В отсутствие Сьюзан мы с Рози, ничего не обсуждая и ни о чем не договариваясь, снова вошли в прежний ритм. Что-то между нами изменилось, это правда, но я чувствовала, что это хорошие изменения. Словно Сьюзан вклинилась между нами, протиснулась, чтобы выбить для себя маленькую нишу в нашей паре, а потом, исчезнув, оставила это пространство пустым. И теперь мы могли двигаться свободнее.

– Не думаю, что от пончиков может тошнить, – ответила Рози, набирая что-то на клавиатуре. – Ладно, попробую туда устроиться.

– Давай, удачи. Но серьезно. Сьюз. Гуиллим-Хаус. Ничего, если я поеду без тебя? Разве вместе будет не лучше?

– Думаю, если бы она считала, что так будет лучше, то попросила бы нас обеих.

Рози, не отрываясь, смотрела на экран ноутбука.
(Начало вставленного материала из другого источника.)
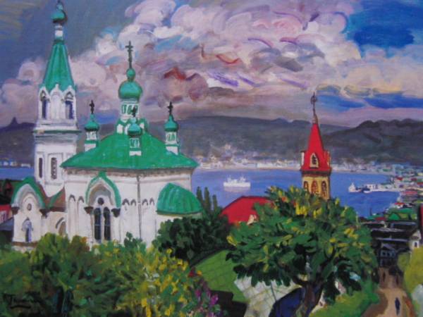 - 田村 孝之介、新緑の函館、希少画集画、高級新品額・額装付、状態良好、送料無料

– Но она не попросила, и ничего страшного. Я рада, что ты поедешь.

– Я собираюсь привезти ей подарки. Что мне взять?

Пальцы Рози замерли, и она обернулась ко мне.

– Честно? Я думаю, одной тебя будет вполне достаточно.

Я нахмурилась.

– Что ты имеешь в виду?

– Может, на этот раз лучше без подарков. Просто съезди и посмотри, как там что.

– Но кто же откажется от подарков! – в недоумении спросила я. – Нет, ничего особенного я бы не повезла. Просто какую-нибудь мелочь от меня. От нас. Что-нибудь от нас.

– Думаю, сейчас ее это волнует меньше всего, честно говоря, – сказала Рози и вновь принялась печатать.

– Но ты же не злишься на нее, а? – рискнула я спросить.

Наверное, нелепый вопрос, да еще и столько времени прошло, но все-таки…

К моему облегчению, Рози рассмеялась.

– Нет, я уже на нее не злюсь. Ты думаешь, я такое чудовище? Когда твоя подруга чуть не умирает, злиться – это как-то чересчур. – Она потрясла головой. – Чертова Сьюз. Вот надо было взять и испортить мой праведный гнев. Зачем она такая трагичная, такая травмированная! – Рози улыбалась. – Ужасно эгоистично с ее стороны.

Я против воли рассмеялась.

– Ты могла бы просто ответить «нет».

– Могла бы, – жизнерадостно отозвалась Рози. – Но это бы уже была не я.

Погода в субботу стояла прекрасная – я давно уже такой не помнила. Ни единого облачка в небе; теплое, яркое солнце.

– Привет, июнь, – широко улыбаясь, сказала Тэрин.

Она предложила отвезти меня в клинику, и я с радостью согласилась. Иначе пришлось бы ехать с мамой.

– Какая прекрасная погода, чтобы полтора часа посидеть в машине!

– Могло быть и хуже, – сказала я, отодвигая сиденье настолько, чтобы влезла моя загипсованная нога.

На коленях я держала бордовый подарочный пакет, в котором был цветок подсолнуха, браслет-чарм и упаковка пирожных-макарон. Несмотря на слова Рози, у меня просто не укладывалось в голове, как можно приехать к Сьюзан с пустыми руками.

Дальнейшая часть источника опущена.